Middle East

Two senior Gulf commanders killed in Yemen: media

Two senior army commanders from Saudi Arabia and the United Arab Emirates were killed along with two Saudi soldiers in Yemen as fighting with a Houthi militia flared before Tuesday's expected peace talks, state media reported on Monday.
Sultan Mohammed Ali al-Kitbi, an Emirati officer, was killed near Taiz, state news agency WAM reported on Monday. Photographs of Abdullah al-Sahian, a top Saudi officer, were displayed by Saudi-owned al-Arabiya al-Hadath channel on Monday alongside Muslim verses of mourning.
The Houthi militia said via its own media outlet that the two had been killed in a rocket attack on the Red Sea coast. The militia, alongside forces loyal to former president Ali Abdullah Saleh, has been battling fighters backed by Gulf states.
The Houthis and Saleh's former political party, the General People's Congress, are sending representatives to Switzerland on Tuesday for talks with Yemen's internationally recognized government under President Abd-Rabbu Mansour Hadi.
A seven-day renewable ceasefire is scheduled to come into effect on Monday to coincide with the talks. Two previous attempts at ceasefires, in May and July, were followed by accusations of breaches by both sides.
Saudi Arabia led an Arab coalition in a military campaign from late March to stop the Houthis, allies of Riyadh's main regional foe Iran, from taking complete control of Yemen after they had advanced south last year, seizing the capital Sanaa.

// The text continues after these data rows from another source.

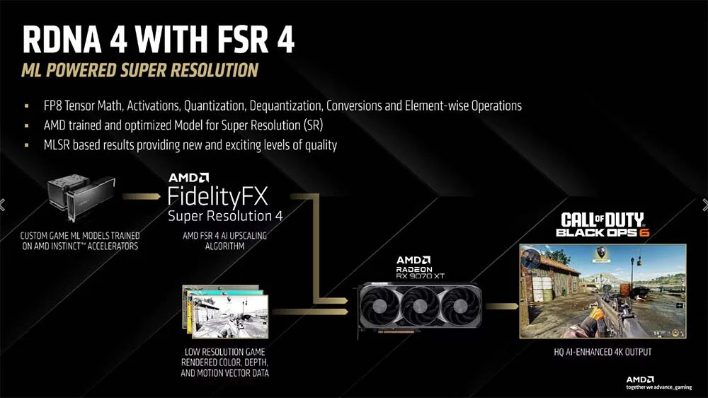 FSR 4 es la evolución del sistema de reescalado de AMD. A diferencia de FSR 2 y FSR 3 —que dependían de un método temporal menos avanzado— FSR 4 usa modelos de aprendizaje automático entrenados específicamente para cada juego.
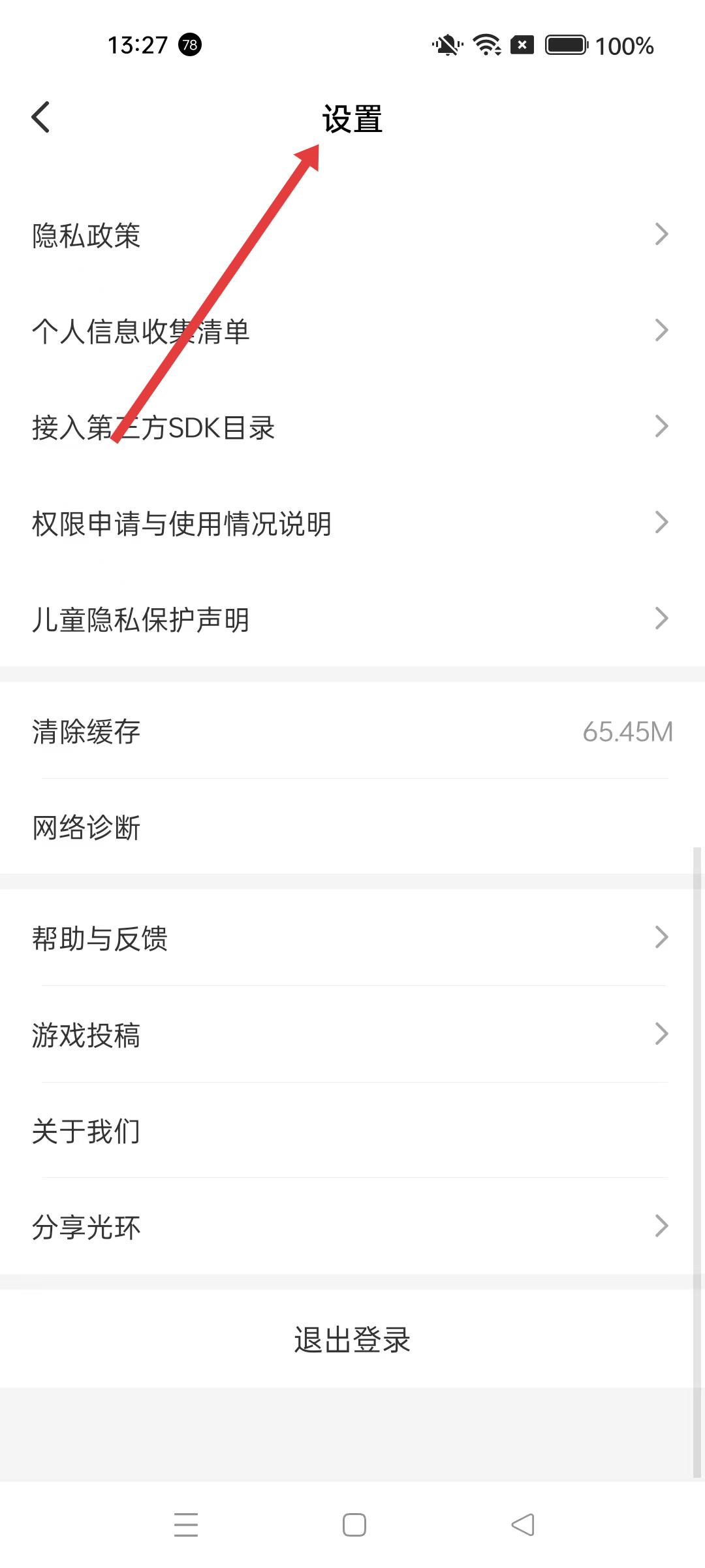 3、設置頁面,可看到隱私政策、清除緩存等選項,點擊退出登錄選項,彈出退出登錄確認框。
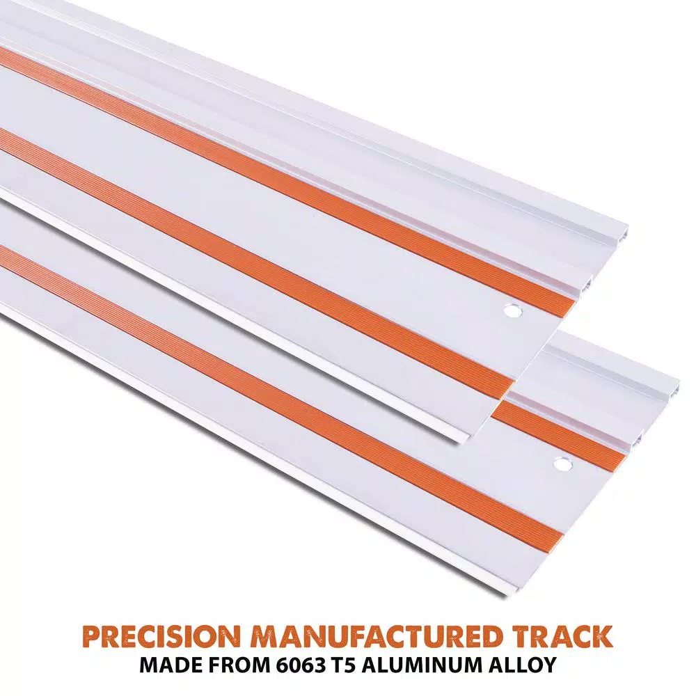 The Evolution ST1400 is a 55 in. circular saw track. Ideal for cutting 4 ft. sheet materials and is made from a strong and sturdy T5 Aluminum Alloy. Supplied in 2-pieces of 2-1/4 ft. track with connectors and easily transported in carry bag that is included. Designed for the Evolution R185CCSX and R185CCSX+ and compatible with most other brands.
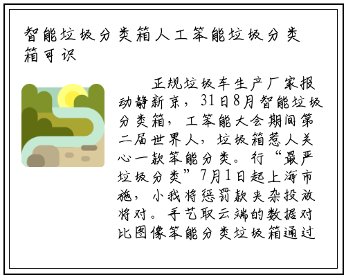正规垃圾车生产厂家报动静新京,31日8月智能垃圾分类箱,工笨能大会期间第二届世界人,垃圾箱惹人关心一款笨能分类。行“最严垃圾分类”7月1日起上海市施,小我将惩罚款夹杂投放将对。手艺取云端的数据对比图像笨能分类垃圾箱通过AI,分类并投放实现从动。
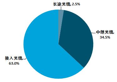 运营商光纤光缆部署分为长途光缆、中继光缆和接入光缆三类。截至2019年6月底,我国长途光缆线路、本地网中继光缆和接入网光缆、所占比重分别为2.5%、34.5%和63%。
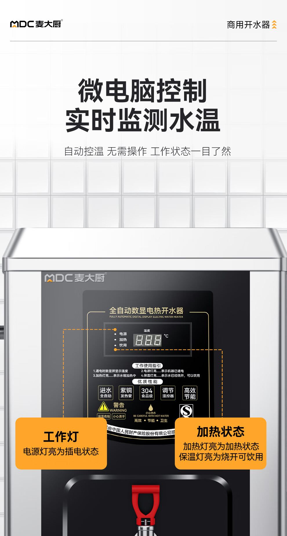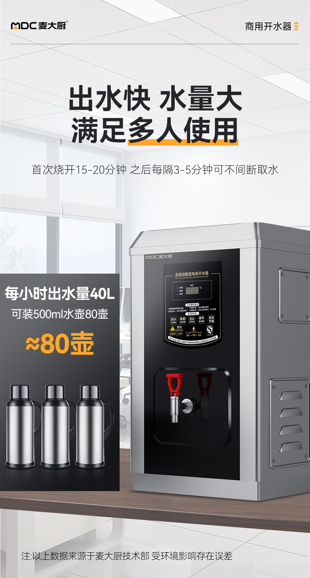 麥大廚黑鈦鋼數顯升級款速熱開水器商用60-90L
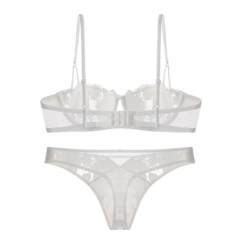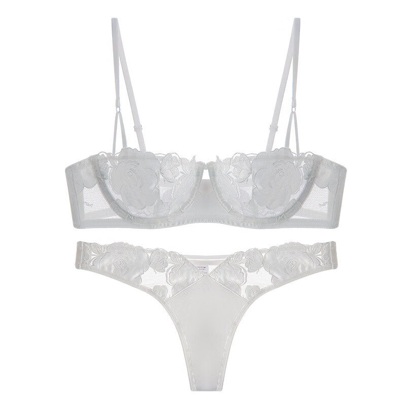 Victoria Palace Sexy Bra Ultra-Thin Rose Embroidered Lace Push-up Bra Large Breasts Show Small Large Size Sexy Underwear Set White S
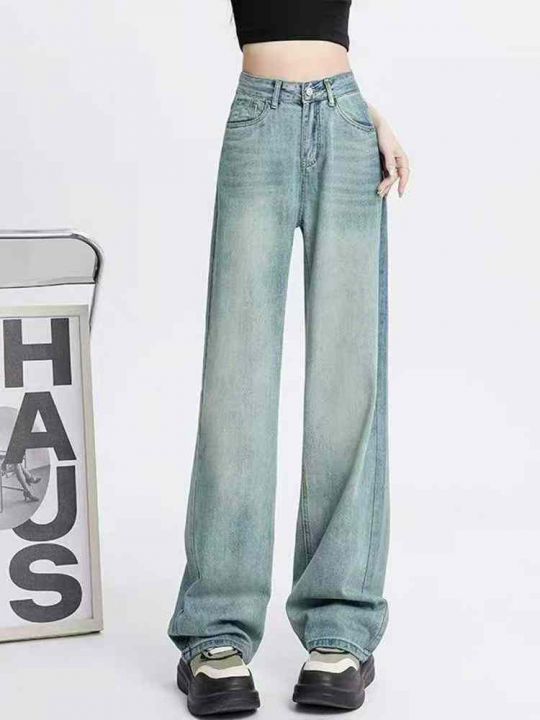 秋季新款高品质高腰显瘦宽松字母刺绣水洗棉直筒阔腿牛...
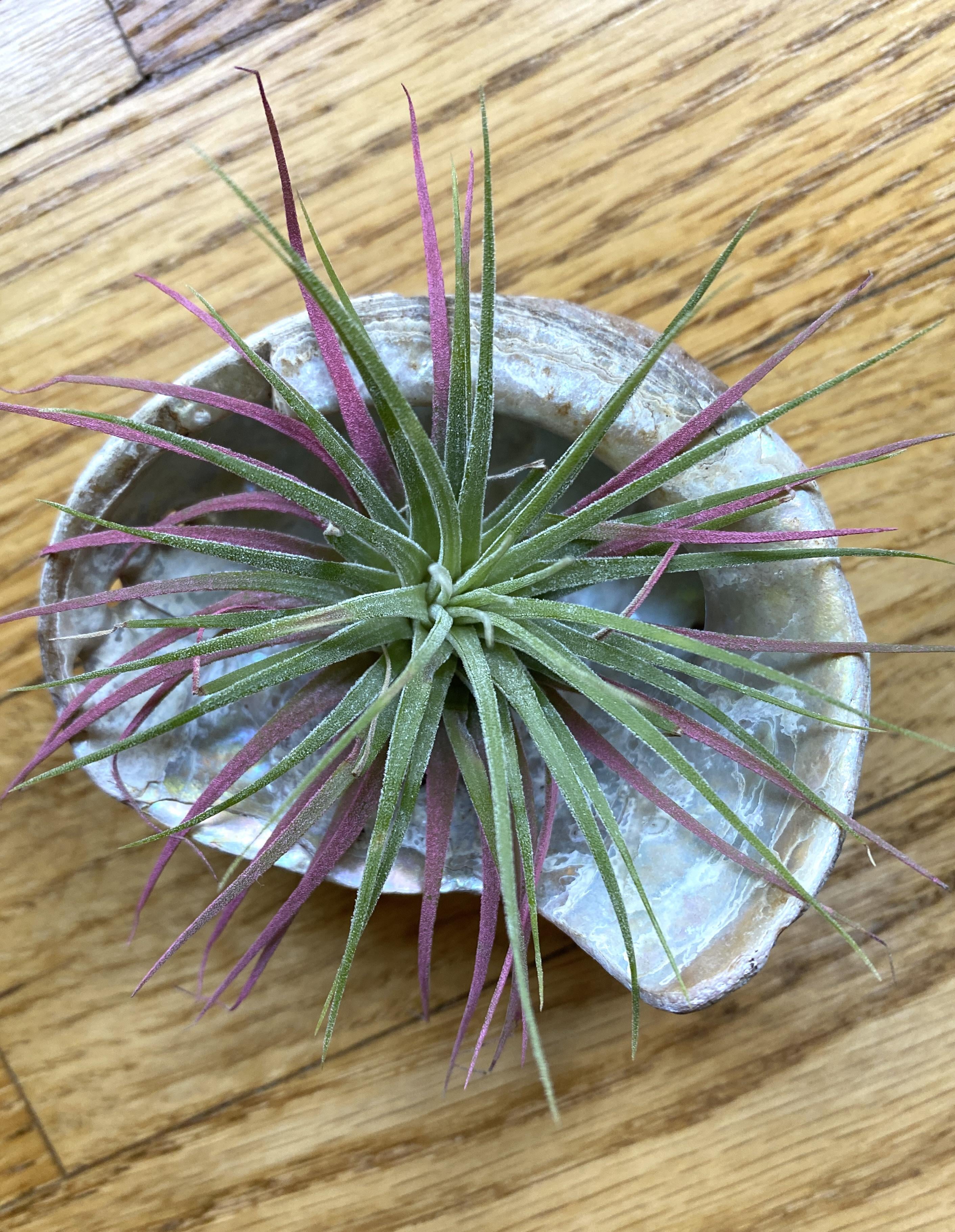 While some species can have a purple color to the leaves, the color shown in the photo is unnatural. Purples in airplants are generally more dark, like a maroon with brown undertones. This purple is almost magenta, and it’s unnatural for T. ionantha, which typically turns a pink color.

The campaign has succeeded in retaking the southern port of Aden and the northeastern city of Marib but has failed to oust the Houthis from Taiz or end attacks on the Saudi border that have killed scores of the kingdom's soldiers.
Beyond the main theatre of conflict, Al-Qaeda in the Arabian Peninsula has seized control of much of the province of Hadramawt and Gulf-backed forces have failed to prevent attacks in areas they control by Yemen's wing of Islamic State.
Western countries that back Saudi Arabia say they are increasingly alarmed at the humanitarian cost of the war, in which more than 5,000 people have been killed, including more than 2,000 civilians. It has also pushed Yemen to the brink of famine.